Our next question comes from the line of Samad Samana from Jefferies.
This is Billy Fitzsimmons on for Samad. Khozema, in the prepared remarks, you highlighted the AI opportunity with Flex and highlighted the potential for customers to create intelligent IVRs and more broadly, AI agents, the contact center seems like an area of focus for the traditional comms vendors given turnover, high volumes, there's an opportunity to kind of layer in AI to make things easier for customers.
But increasingly, it seems like vendors who maybe traditionally didn't address the contact center are kind of targeting the market, whether other large cap software vendors, hyperscalers, just be curious how Flex has performed in recent quarters, early customer feedback and the integration of AI solutions in Flex and then how you're thinking about pricing and differentiation as you add in those AI features to the solution?
Yes. That's a good question. So I guess, Billy, the way that I would kind of characterize it is, is that it's not per se about Flex as such. I mean, I think the way that this is going to play out is that whatever the channel and in this case, since we're kind of talking about voice in a way, I think it's going to be driven on the one hand, it's going to be very outcome-oriented in terms of like what you're able to deliver for a customer on the other side. I think that probably ends up breaking some of the seat dynamics in terms of SaaS and licenses and stuff like that.
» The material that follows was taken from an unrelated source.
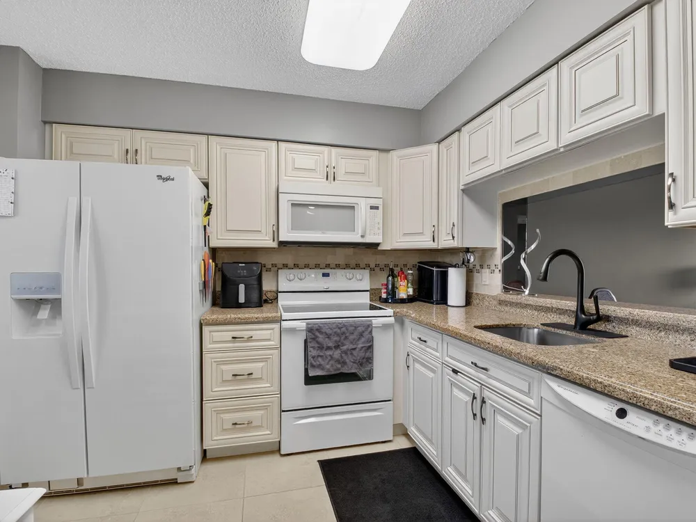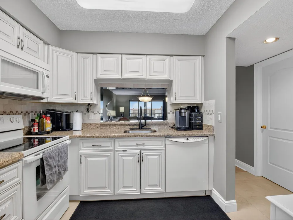 Beautiful Lakefront Penthouse Condo in Sought-After Huntingtion Lakes- 55+ Community. Welcome to this charming and well-maintained 2/2 condo nestled in a peaceful, gated neighborhood, this home offers the perfect blend of comfort, security, and active adult living. Enjoy Impact Windows throughout for added safety and energy efficiency, along with a brand-new A/C unit to keep you cool year-round. The home features a spacious layout with plenty of natural light and serene views. Kitchen boasts granite counters and custom cabinetry, Primary BR includes walk-in closets and spa-like bath with tile and designer looks. Step outside and take advantage of the multiple scenic walking paths, resort-style amenities including newly renovated clubhouse, Indoor pool, fitness center, and Social Events!

I think the second thing is, is that a lot of the -- while I'm certainly aware of what you're talking about in terms of various entrants in the market, I think your ability to be able to drive differentiated value actually happens through having contextual data. So having a generic model that happens to use a virtual agent like without any underlying understanding of what's happening with that customer in the first place, like it's really, really difficult to end up solving their problem. Like it's easy for like kind of the basic stuff. But like as soon as you bore down into like an actual purchase or an actual promotion or a renewal or a customer care problem, like you've got to start knowing something about that customer.
And certainly, something that we believe is that, that contextual data is highly proprietary to the customers that we serve. I cannot imagine a scenario in which they start turning over that proprietary data to the large LLMs and helping them train up their models. And so I think that advantage is crucial to use, our ability to use the communications capabilities that we already have, which includes Flex, obviously, but also pair that with contextual data that we deliver vis-a-vis segments and then use AI as a means to then solve customer problems, that's really how we see it playing out. Certainly could happen with Flex, could happen with an IVR, could happen through simple -- more simple interfaces depending on how complex the problem is through any one of the channels that we offer. And since we offer most of them, I think that positions us quite well.
This concludes today's conference call. Thank you for participating. You may now disconnect.